Well, thank you for the feedback. This is good to know and makes me feel even better!


----------



## lilyloo (Jun 20, 2012)

At 8 weeks my girl was 11 pounds. She's now 40 pounds at 15 months old and is a bit smaller than most V's I see.


----------



## Rudy (Oct 12, 2012)

Pup looks thick to me but would like some other angles?

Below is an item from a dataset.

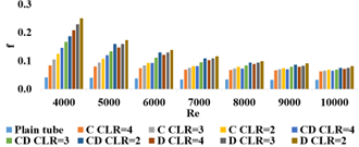 where, Nu and f are Nusselt number and friction factor for the tube equipped with coil inserts, while Nuo and fo represent the corresponding values for the plain tube.
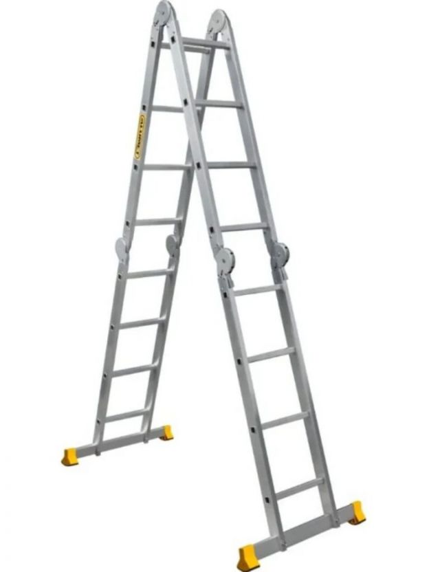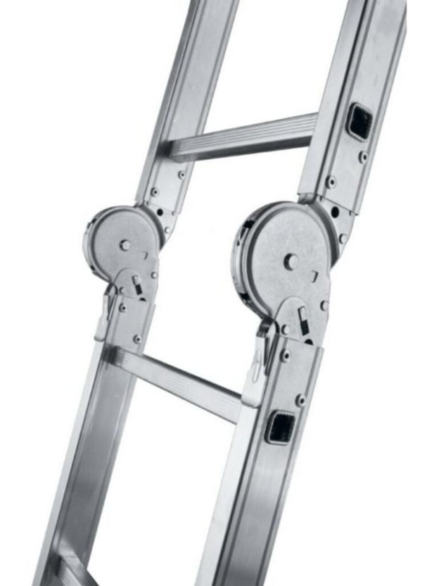 Лестница-трансформер — это шарнирная лестница состоящая из отдельных секций, соединенных между собой шарнирными замками. Каждый шарнир позволяет фиксировать различный угол между секциями. Это позволяет использовать лестницу-трансформер во многих модификациях: приставная лестница, стремянка, помост, консольная лестница и многое другое. Шарнирная лестница может складываться в 4 раза, что придает ей очень компактные размеры. При одинаковой длине в приставном виде шарнирная лестница в сложенном виде будет всегда намного компактней, чем трехсекционная универсальная лестница. Даже самая большая лестница-трансформер влезает в багажник легкового автомобиля.

All Great Reds should show some Rib Flair by 1 year

Pups can be rounder young

Lean mean fast muscle machines

and Young gunner some fun Organics a traveling man  :-*

He knows all the ladies his Legend pec deck and Guns they have flair at the Fair  ;D


----------



## texasred (Jan 29, 2012)

If you look at the sire and dams weight, you can get a good idea of your pups mature weight. Looks like a normal health pup to me. 
Try to quit stressing, and just enjoy the quite time before picking up the pup.


----------



## MichelG (Aug 23, 2013)

TexasRed said:


> Try to quit stressing, and just enjoy the quite time before picking up the pup.


I hear you!... ;D
Thanks.


----------



## Suliko (Sep 17, 2011)

I wouldn't worry about puppy's weight @ 7 weeks at all! My youngest V Pacsirta was a fatty as a puppy (see the pic attached @ 5 months!). She was the biggest of the litter. When she came to us @ 12 weeks, she was still a healthy pup and then she started growing, and we couldn't feed her enough. She was bones! She finally filled out after her first heat when she was 1 yr old and is looking healthy today (bottom pic from last week)  So, I wouldn't worry!


----------